Bad Mac advice

Where not to go

It’s no great secret that newsprint is dead. Within a decade even the most powerful print media – WSJ, NYT, etc. – will have ceased publication using forests of trees. eInk technology (like in the Kindle) will add color and someone will design a two button interface almost as simple as a book. All those enviroloonies should be required to help capitalize the related R&D as they do want to save trees, no? And the advent of color will also dramatically reduce the price of art books – when the screen is transilluminated and has superior definition to traditional printing on reflective materials – what’s not to like?

Which brings me to the curious case of MacWorld magazine. ‘Curious’ because it begs the question why this trashy publication survives. When I got our first Mac a decade ago a relative gave me a subscription to this rag and it helped get me into the Mac ecosystem. That was ages ago and, like a fool, I still pay for a print subscription. At least until this one expires, that is.
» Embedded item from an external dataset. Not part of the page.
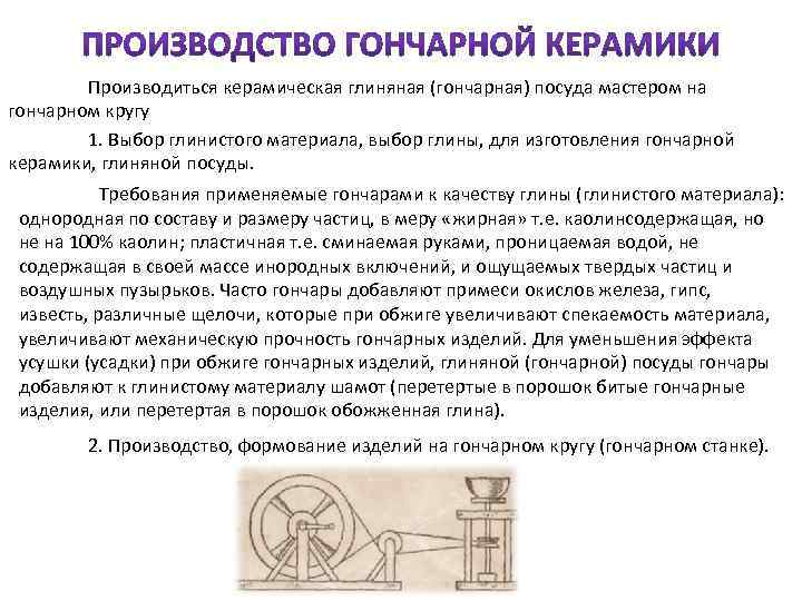 Производиться керамическая глиняная (гончарная) посуда мастером на гончарном кругу 1. Выбор глинистого материала, выбор глины, для изготовления гончарной керамики, глиняной посуды. Требования применяемые гончарами к качеству глины (глинистого материала): однородная по составу и размеру частиц, в меру «жирная» т. е. каолинсодержащая, но не на 100% каолин; пластичная т. е. сминаемая руками, проницаемая водой, не содержащая в своей массе инородных включений, и ощущаемых твердых частиц и воздушных пузырьков. Часто гончары добавляют примеси окислов железа, гипс, известь, различные щелочи, которые при обжиге увеличивают спекаемость материала, увеличивают механическую прочность гончарных изделий. Для уменьшения эффекта усушки (усадки) при обжиге гончарных изделий, глиняной (гончарной) посуды гончары добавляют к глинистому материалу шамот (перетертые в порошок битые гончарные изделия, или перетертая в порошок обожженная глина). 2. Производство, формование изделий на гончарном кругу (гончарном станке).

This is simply the very worst place to go for objective advice about Macs. The magazine started life 25 years ago with funding from Apple. If you are not already holding your nose, you should be. Now purportedly independent, it is a sycophant’s dream for anyone getting a paycheck from 1 Infinite Loop. You see, they have yet to see an Apple product they do not like. Read any of their reviews and you will quickly realize that these are little more than regurgitated press releases.

Two cases in point. The other day they had a laudatory piece on Apple’s Time Capsule back-up hardware. Only thing they forgot to mention is that you cannot boot from the TC. So what are you going to do when your Mac’s drive crashes? Pull out the original OS X discs? Try and access TC that way? Do you even know how risky and time consuming this is? It’s not called Time Capsule for nothing. As a disaster recovery tool it is almost completely useless. But it ranks a rave review from MacWorld. No mention of the booting issue, of course.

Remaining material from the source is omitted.